=== PROVIDED RECORDS ===
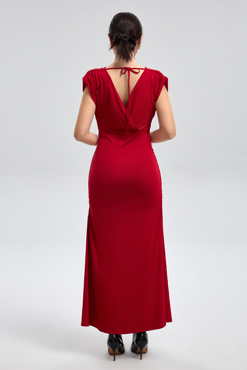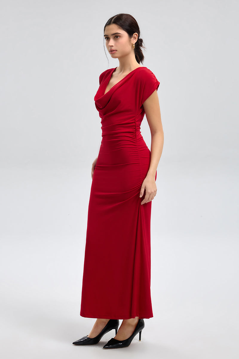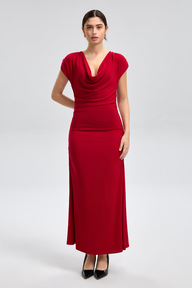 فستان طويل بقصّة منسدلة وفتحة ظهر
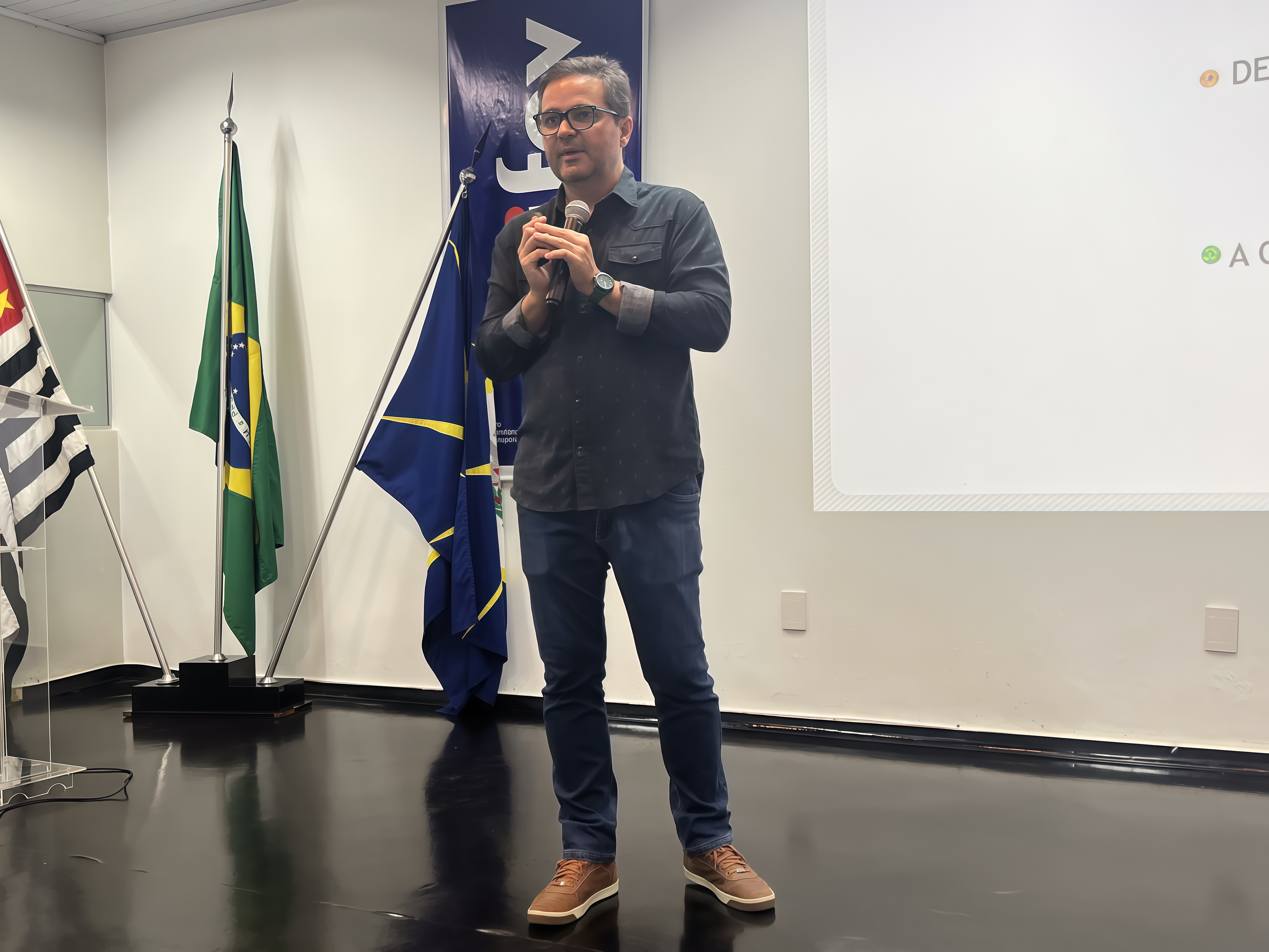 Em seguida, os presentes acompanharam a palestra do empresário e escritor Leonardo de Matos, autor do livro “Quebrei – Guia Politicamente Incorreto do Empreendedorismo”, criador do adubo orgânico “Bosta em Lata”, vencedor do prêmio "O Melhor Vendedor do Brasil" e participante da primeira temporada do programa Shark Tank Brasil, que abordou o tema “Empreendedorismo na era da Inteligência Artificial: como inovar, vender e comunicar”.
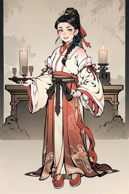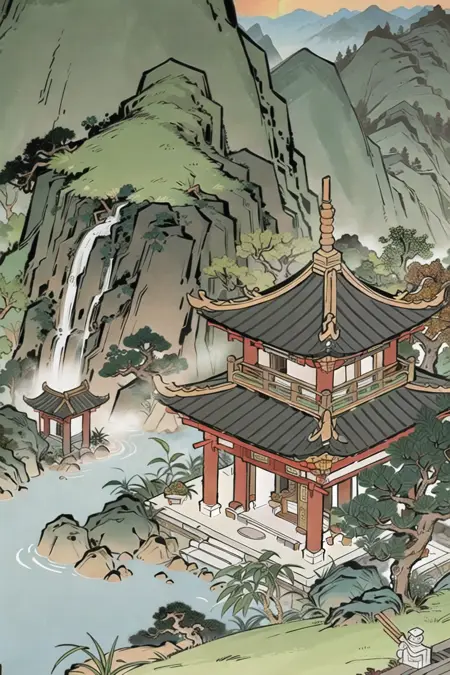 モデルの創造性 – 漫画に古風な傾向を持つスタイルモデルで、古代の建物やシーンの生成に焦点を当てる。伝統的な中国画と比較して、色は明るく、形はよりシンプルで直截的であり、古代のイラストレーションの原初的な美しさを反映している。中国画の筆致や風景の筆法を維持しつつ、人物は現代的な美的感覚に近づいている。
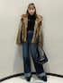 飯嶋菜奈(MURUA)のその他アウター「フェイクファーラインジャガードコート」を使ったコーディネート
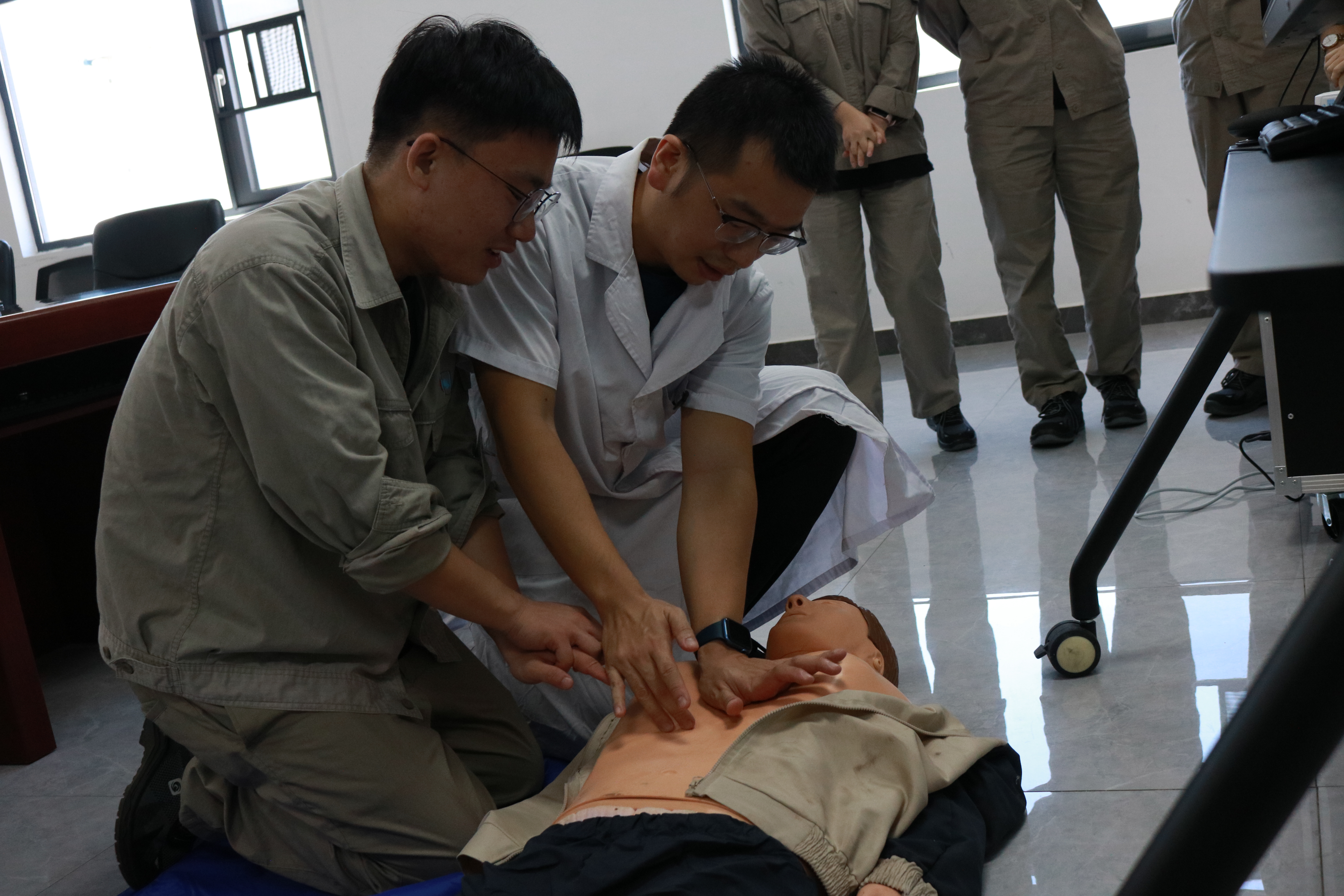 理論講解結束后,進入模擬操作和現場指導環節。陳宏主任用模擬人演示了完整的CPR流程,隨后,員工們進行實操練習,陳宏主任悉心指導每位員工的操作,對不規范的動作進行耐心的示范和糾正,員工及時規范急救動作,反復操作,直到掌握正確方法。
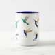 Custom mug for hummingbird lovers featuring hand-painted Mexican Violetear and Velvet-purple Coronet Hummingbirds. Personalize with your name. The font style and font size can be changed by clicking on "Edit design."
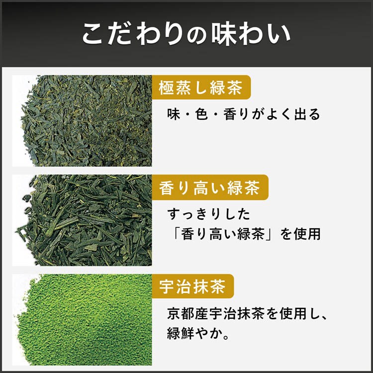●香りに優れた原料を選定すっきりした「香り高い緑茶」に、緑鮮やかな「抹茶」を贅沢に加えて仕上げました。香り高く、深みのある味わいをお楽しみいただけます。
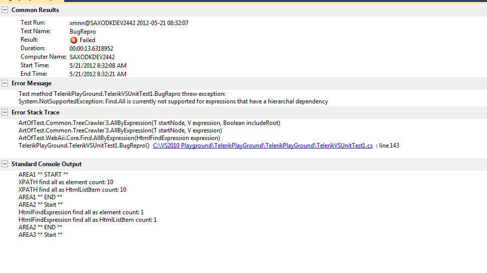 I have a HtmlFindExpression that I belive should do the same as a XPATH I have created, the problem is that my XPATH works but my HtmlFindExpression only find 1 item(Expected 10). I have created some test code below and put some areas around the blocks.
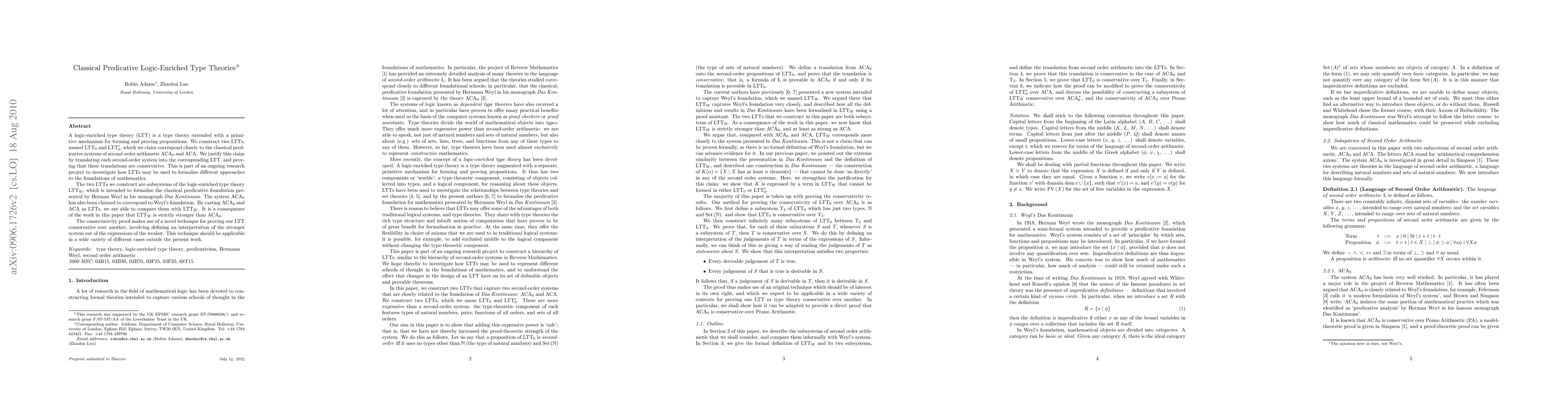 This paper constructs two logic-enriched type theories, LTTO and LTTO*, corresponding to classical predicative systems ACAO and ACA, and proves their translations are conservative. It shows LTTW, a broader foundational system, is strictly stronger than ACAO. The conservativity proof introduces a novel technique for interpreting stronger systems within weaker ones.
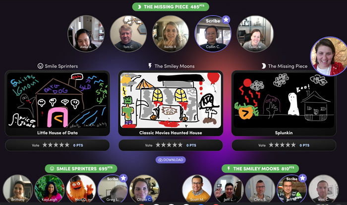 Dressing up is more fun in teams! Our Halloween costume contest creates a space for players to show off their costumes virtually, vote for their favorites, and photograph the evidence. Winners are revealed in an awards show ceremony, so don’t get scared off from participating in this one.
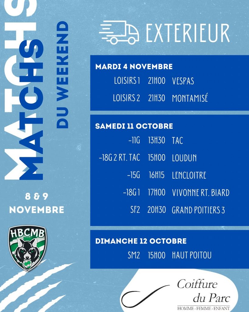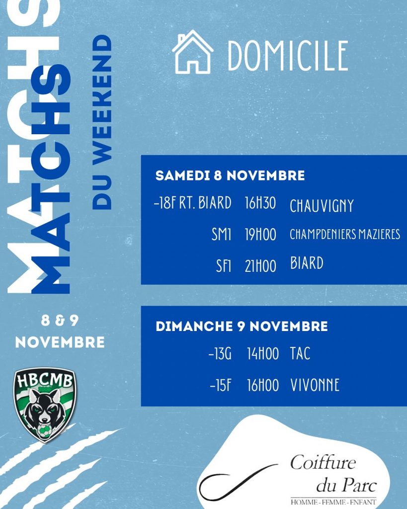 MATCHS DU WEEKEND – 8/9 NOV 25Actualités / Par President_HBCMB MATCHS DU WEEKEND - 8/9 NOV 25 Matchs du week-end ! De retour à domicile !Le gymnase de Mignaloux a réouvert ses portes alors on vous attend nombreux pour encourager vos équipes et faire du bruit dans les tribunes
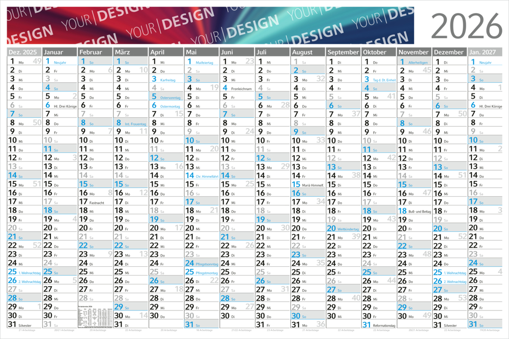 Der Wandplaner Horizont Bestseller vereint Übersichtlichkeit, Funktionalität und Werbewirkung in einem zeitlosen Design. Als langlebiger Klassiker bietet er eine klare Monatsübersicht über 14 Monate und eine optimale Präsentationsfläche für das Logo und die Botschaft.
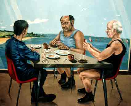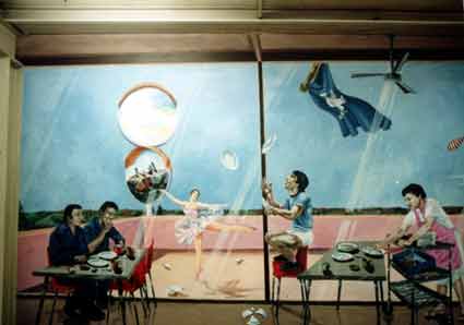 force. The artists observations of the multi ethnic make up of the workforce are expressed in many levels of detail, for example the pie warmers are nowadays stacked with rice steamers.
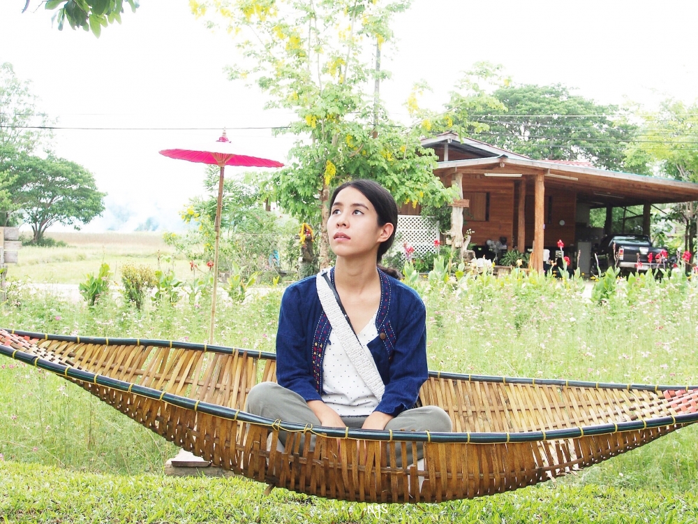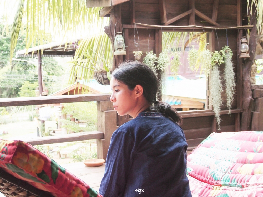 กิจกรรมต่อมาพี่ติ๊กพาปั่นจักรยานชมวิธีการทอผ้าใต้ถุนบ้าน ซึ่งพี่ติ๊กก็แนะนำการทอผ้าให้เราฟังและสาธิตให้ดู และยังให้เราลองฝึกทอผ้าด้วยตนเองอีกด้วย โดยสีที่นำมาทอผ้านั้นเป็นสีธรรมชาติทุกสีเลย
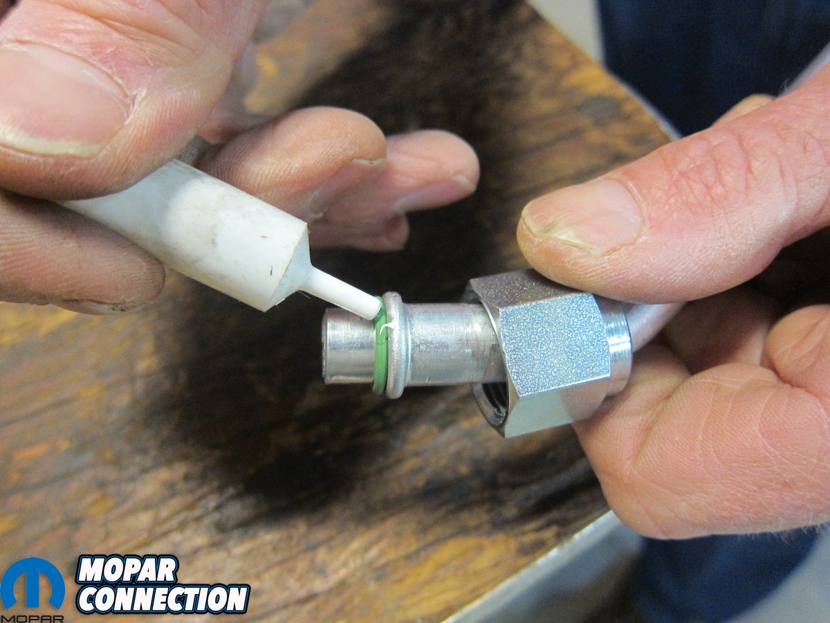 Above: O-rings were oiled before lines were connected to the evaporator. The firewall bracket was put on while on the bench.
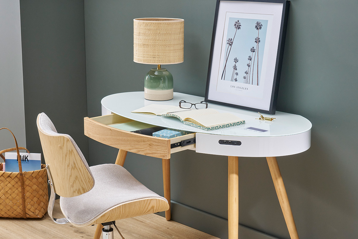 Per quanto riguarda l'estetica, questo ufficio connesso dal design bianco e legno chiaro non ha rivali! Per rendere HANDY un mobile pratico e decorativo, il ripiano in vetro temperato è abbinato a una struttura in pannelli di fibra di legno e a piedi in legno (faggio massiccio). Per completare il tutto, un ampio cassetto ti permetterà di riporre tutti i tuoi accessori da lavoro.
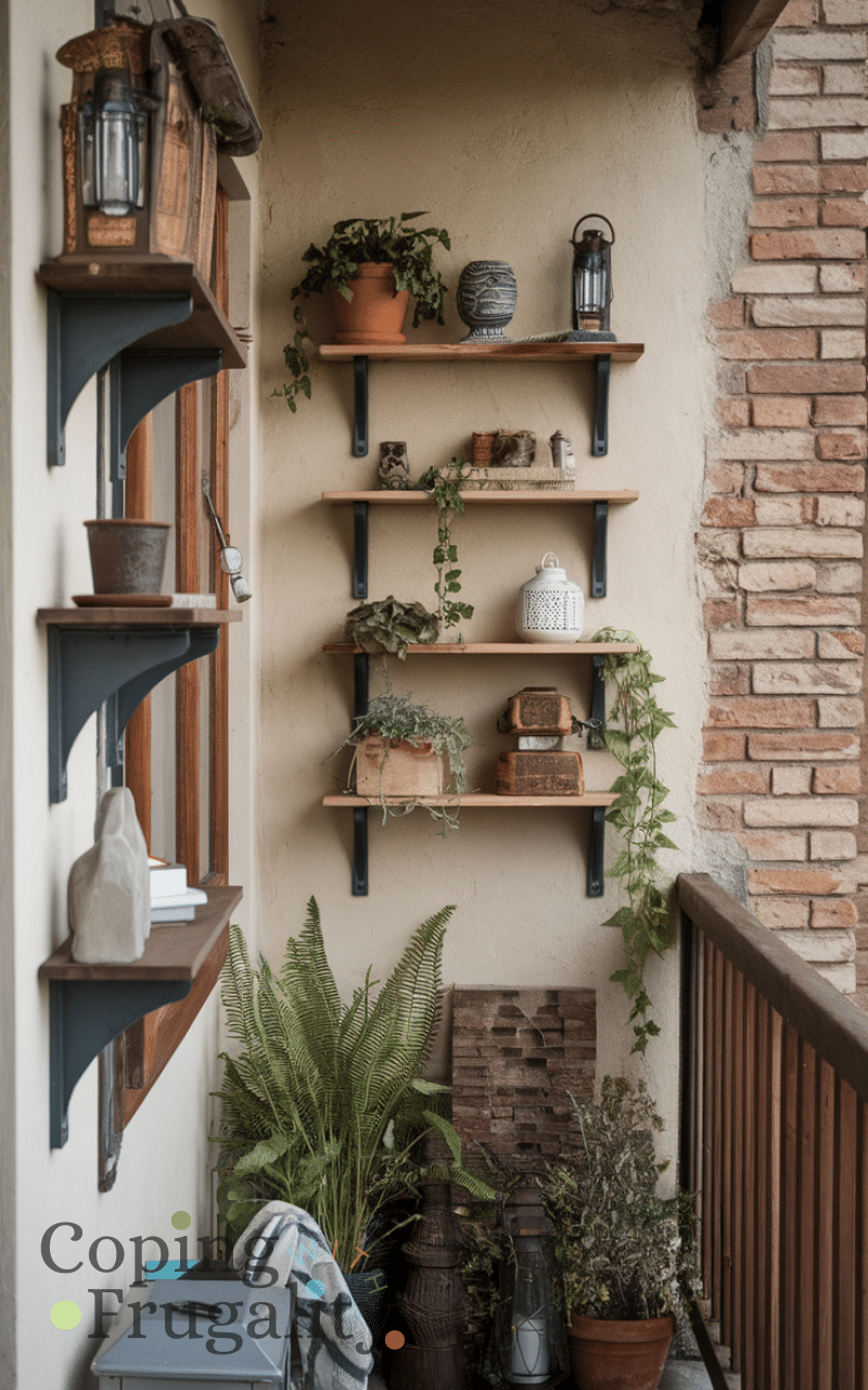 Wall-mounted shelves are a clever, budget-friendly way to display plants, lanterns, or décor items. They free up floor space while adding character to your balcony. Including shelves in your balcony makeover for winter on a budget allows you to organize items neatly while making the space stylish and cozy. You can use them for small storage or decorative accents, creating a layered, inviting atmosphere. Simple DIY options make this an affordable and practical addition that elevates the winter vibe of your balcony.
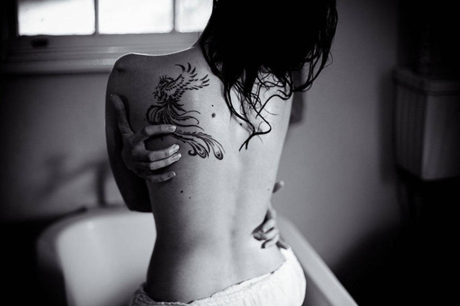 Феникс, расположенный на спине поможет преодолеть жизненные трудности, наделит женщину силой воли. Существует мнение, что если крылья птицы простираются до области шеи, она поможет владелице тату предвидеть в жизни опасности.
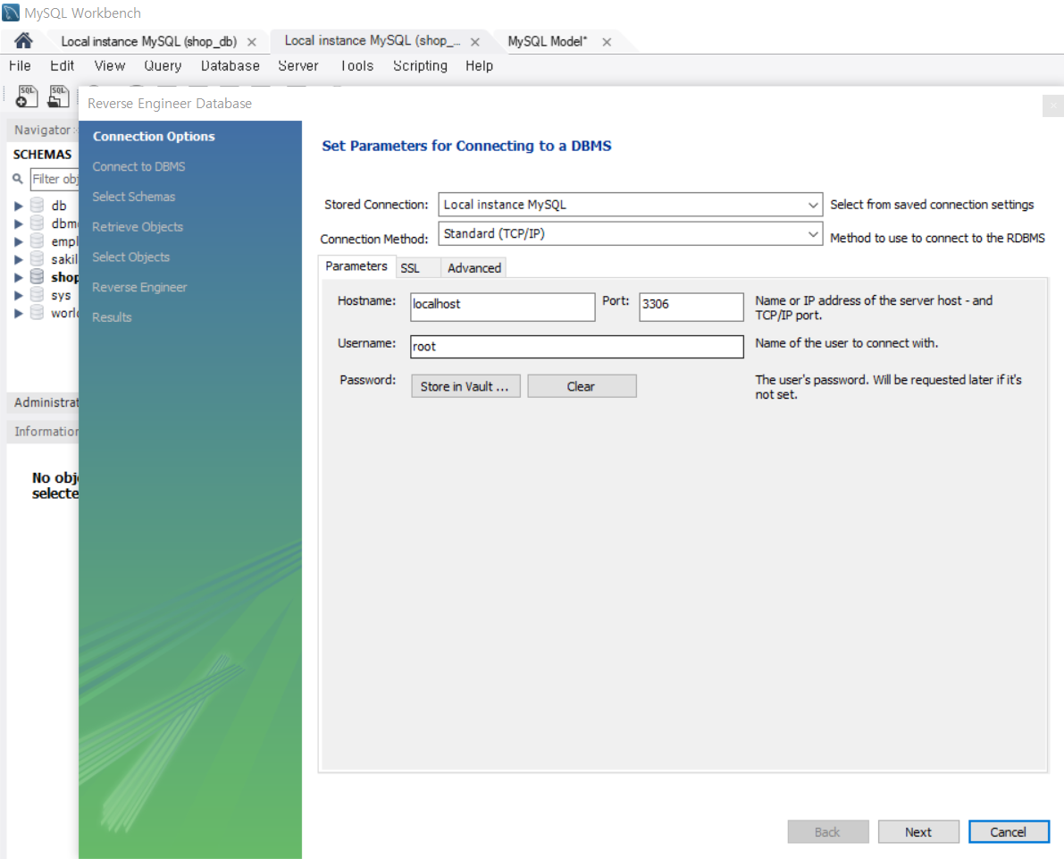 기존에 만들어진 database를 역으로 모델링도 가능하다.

=== PROBLEM TO SOLVE ===
Your task is to repeat exactly the lines from the beginning of the data to the line that contains "理論講解結束后,進入模擬操作", both ends included, leaving out pictures.

=== EXERCISE ANSWER ===
 فستان طويل بقصّة منسدلة وفتحة ظهر
 Em seguida, os presentes acompanharam a palestra do empresário e escritor Leonardo de Matos, autor do livro “Quebrei – Guia Politicamente Incorreto do Empreendedorismo”, criador do adubo orgânico “Bosta em Lata”, vencedor do prêmio "O Melhor Vendedor do Brasil" e participante da primeira temporada do programa Shark Tank Brasil, que abordou o tema “Empreendedorismo na era da Inteligência Artificial: como inovar, vender e comunicar”.
 モデルの創造性 – 漫画に古風な傾向を持つスタイルモデルで、古代の建物やシーンの生成に焦点を当てる。伝統的な中国画と比較して、色は明るく、形はよりシンプルで直截的であり、古代のイラストレーションの原初的な美しさを反映している。中国画の筆致や風景の筆法を維持しつつ、人物は現代的な美的感覚に近づいている。
 飯嶋菜奈(MURUA)のその他アウター「フェイクファーラインジャガードコート」を使ったコーディネート
 理論講解結束后,進入模擬操作和現場指導環節。陳宏主任用模擬人演示了完整的CPR流程,隨后,員工們進行實操練習,陳宏主任悉心指導每位員工的操作,對不規范的動作進行耐心的示范和糾正,員工及時規范急救動作,反復操作,直到掌握正確方法。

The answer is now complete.